The Wedding Date
Scott Hardie: “It was ok.”
The genre is called "romantic comedy;" this film succeeded fairly well at the romance but didn't seem to know how to pull off the comedy. Debra Messing has some of the sharpest comic timing on television right now, so it's a rare sight to watch her bungle punchlines and strain unconvincingly with pratfalls. I hate to say it, but after seeing this film, I can't help but question her talent. As Grace Adler, she works in a deep groove of irony, so her acting can only be truly appreciated on a technical level. But in "The Wedding Date," she is tasked with creating a three-dimensional woman for whom the audience is supposed to develop strong sympathy, and she's out of her league.

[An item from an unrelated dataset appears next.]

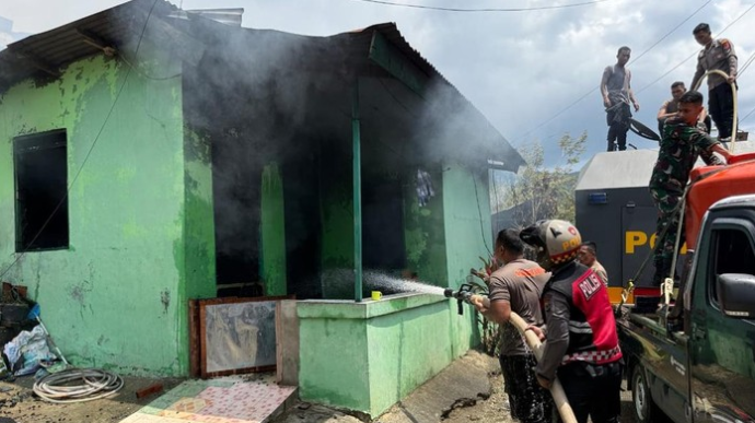 Kebakaran melanda di komplek Kodam Lama Jayapura, Papua, personel Polri bahu membahu bersama TNI unt

The further we get from Julia Roberts and Meg Ryan's glory days, the easier it becomes to appreciate how thoroughly they mastered the genre.

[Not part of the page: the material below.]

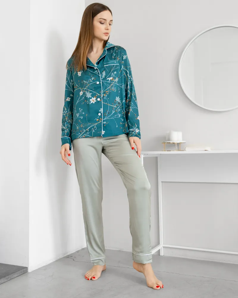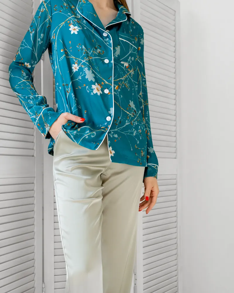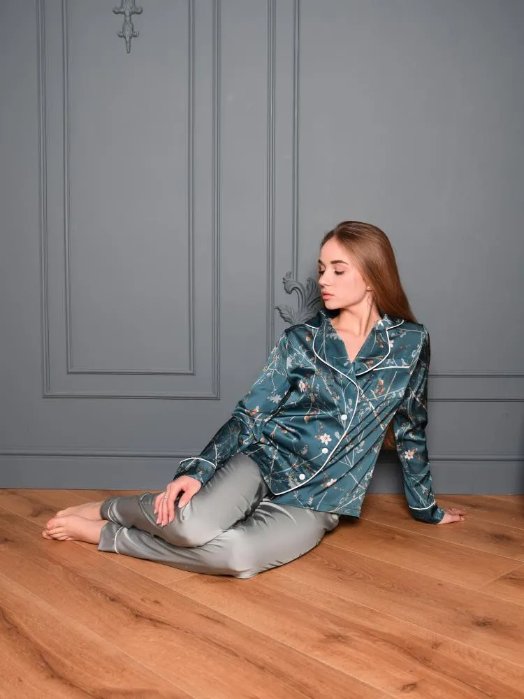 Зручний домашній костюм із тканини шовк Армані з квітковим візерунком, яка легка та приємна на дотик.

A film that seems to go about everything the wrong way deserves some left-handed compliments. It overcomes a totally unbelieveable setup with the sheer charisma of its two leads; Dermot Mulroney plays a gigolo who doesn't need the money and just happens to have an Ivy League education, and somehow makes him seem like one of the most down-to-earth, not to mention watchable, characters in the movie. Photographer Oliver Curtis is determined to bring soft-focus back into vogue (or fail trying), and Holland Taylor is one of very few actresses who can pull off the lines she says here, which are the kinds of things that no mother would ever announce about one of her daughters. If you're looking for a date movie, you're probably better off with "Hitch" or even "Sideways," but if you wind up in the theater for this movie, that wouldn't be so bad.